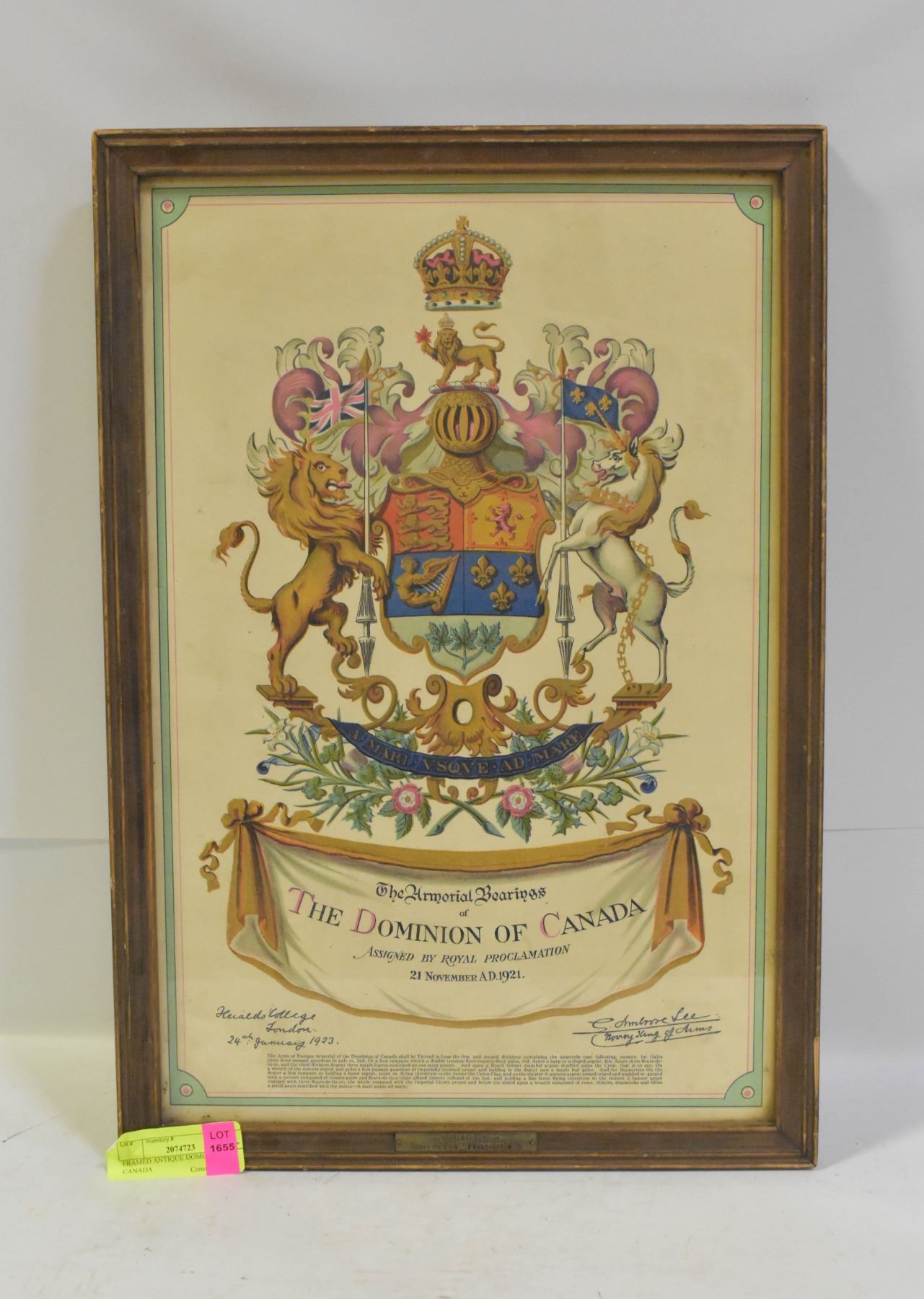 FRAMED ANTIQUE DOMINION OF CANADA 13.25" X 19.25"
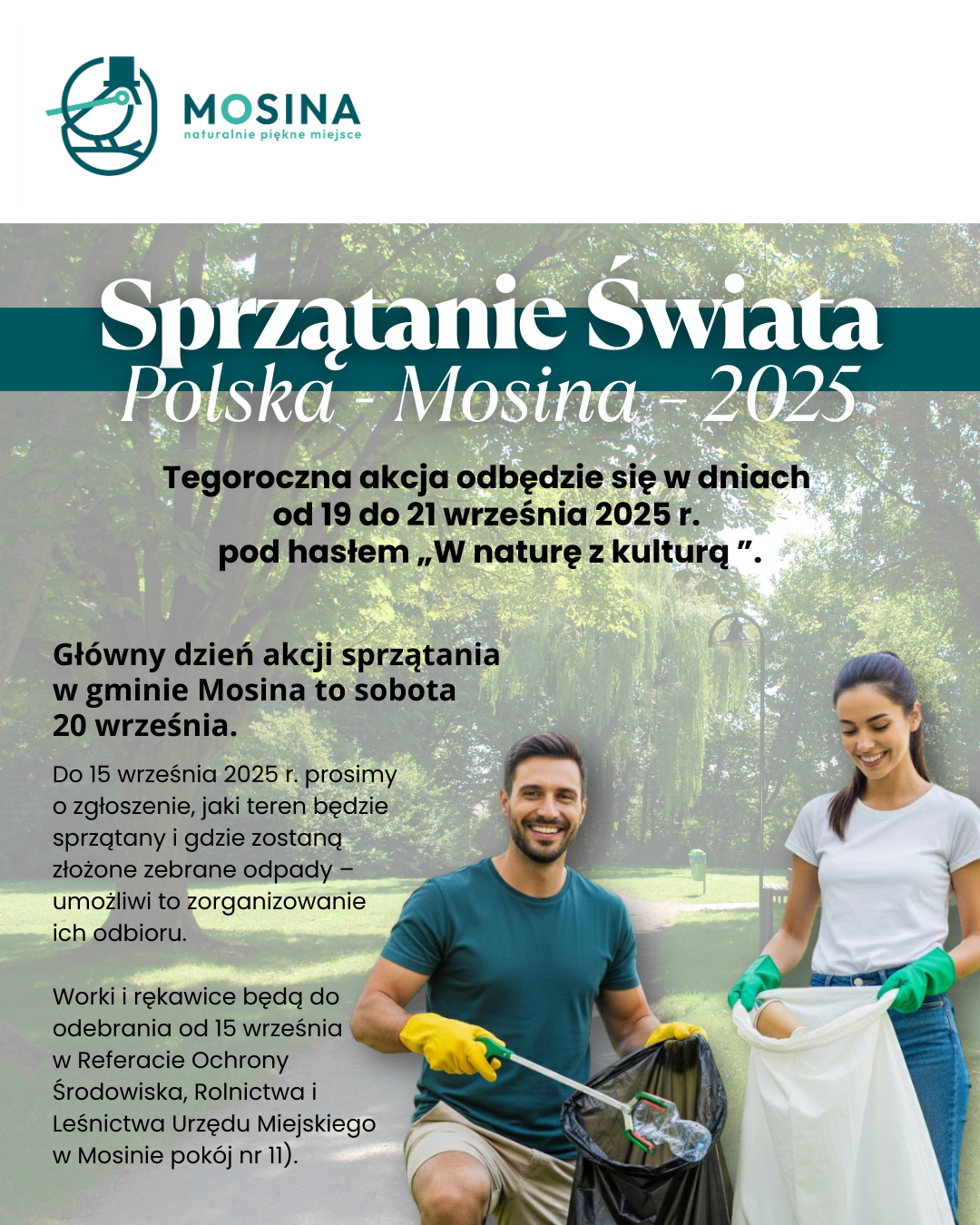 W dniach 19–21 września 2025 r. na terenie gminy Mosina odbędzie się kolejna edycja akcji „Sprzątanie Świata”, tym razem pod hasłem „W naturę z kulturą”.
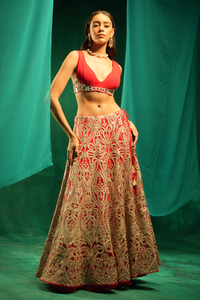 The Net fabric is specially designed by our team and crafted with great care and precision. With the floating mirror effect of jaaliwork, the garment is then styled at our workshop with finest details. We recommend dryclean only.
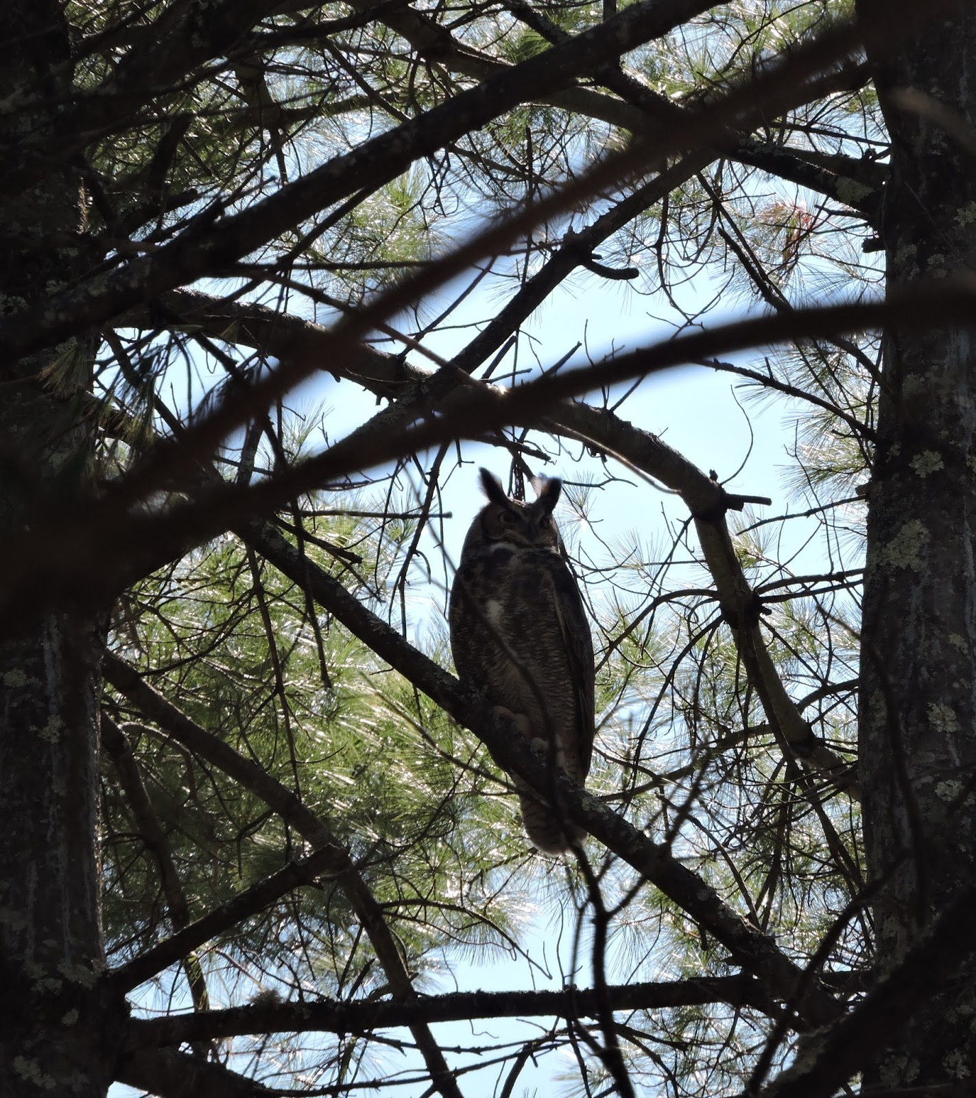 The rest of us turned to follow her gaze, and caught only a glimpse of the silhouette of an adult Great Horned Owl flying away into the forest. It made no sound as it went.
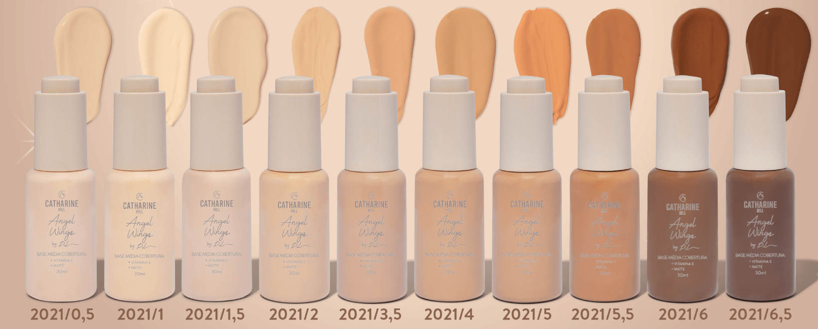 A Base Média Cobertura da linha Angel Wings, em parceria com a maquiadora renomada Pri Lessa, oferece a combinação perfeita de cobertura e acabamento natural. Com acabamento Oil Free e resistente à água, essa base possui uma textura macia e toque aveludado, proporcionando uma maquiagem leve e fantástica. Com longa duração na pele, ela foi elaborada com ácido hialurônico, Vitamina E e é vegana. Indicada para todos os tipos de pele.
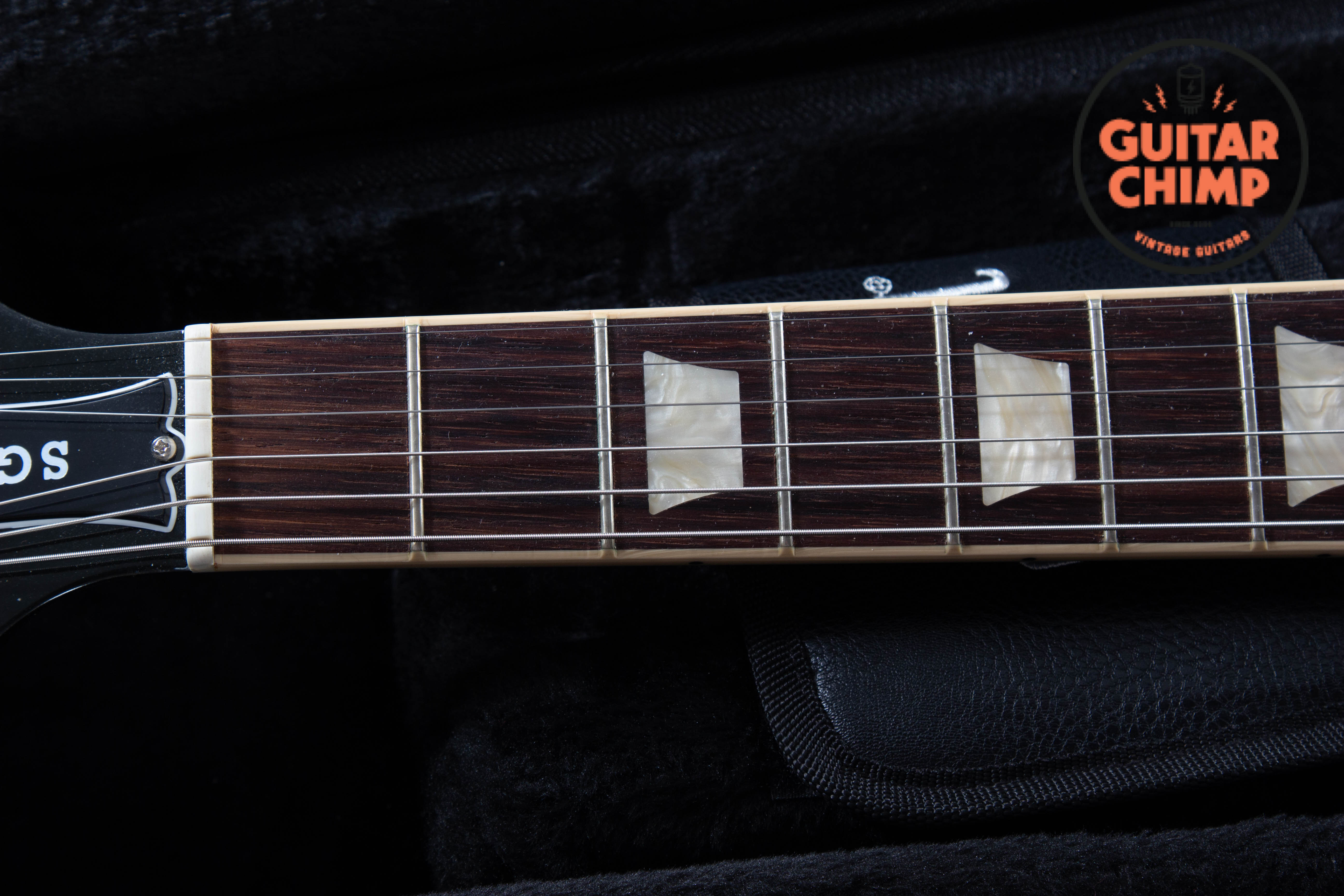 This SG has everything players love about the Standard model—punchy mids, singing sustain, and a lively, lightweight body. The rounded neck profile is comfortable without being bulky, and the 490R/490T humbuckers deliver classic Gibson warmth with great clarity.

══════

▸ **TASK DIRECTIONS**:
Print from the line containing "W dniach 19–21" through the line containing "The rest of" in the data above, exactly as the lines stand, and omit every picture.

▸ **ANSWER TO THE PROBLEM**:
 W dniach 19–21 września 2025 r. na terenie gminy Mosina odbędzie się kolejna edycja akcji „Sprzątanie Świata”, tym razem pod hasłem „W naturę z kulturą”.
 The Net fabric is specially designed by our team and crafted with great care and precision. With the floating mirror effect of jaaliwork, the garment is then styled at our workshop with finest details. We recommend dryclean only.
 The rest of us turned to follow her gaze, and caught only a glimpse of the silhouette of an adult Great Horned Owl flying away into the forest. It made no sound as it went.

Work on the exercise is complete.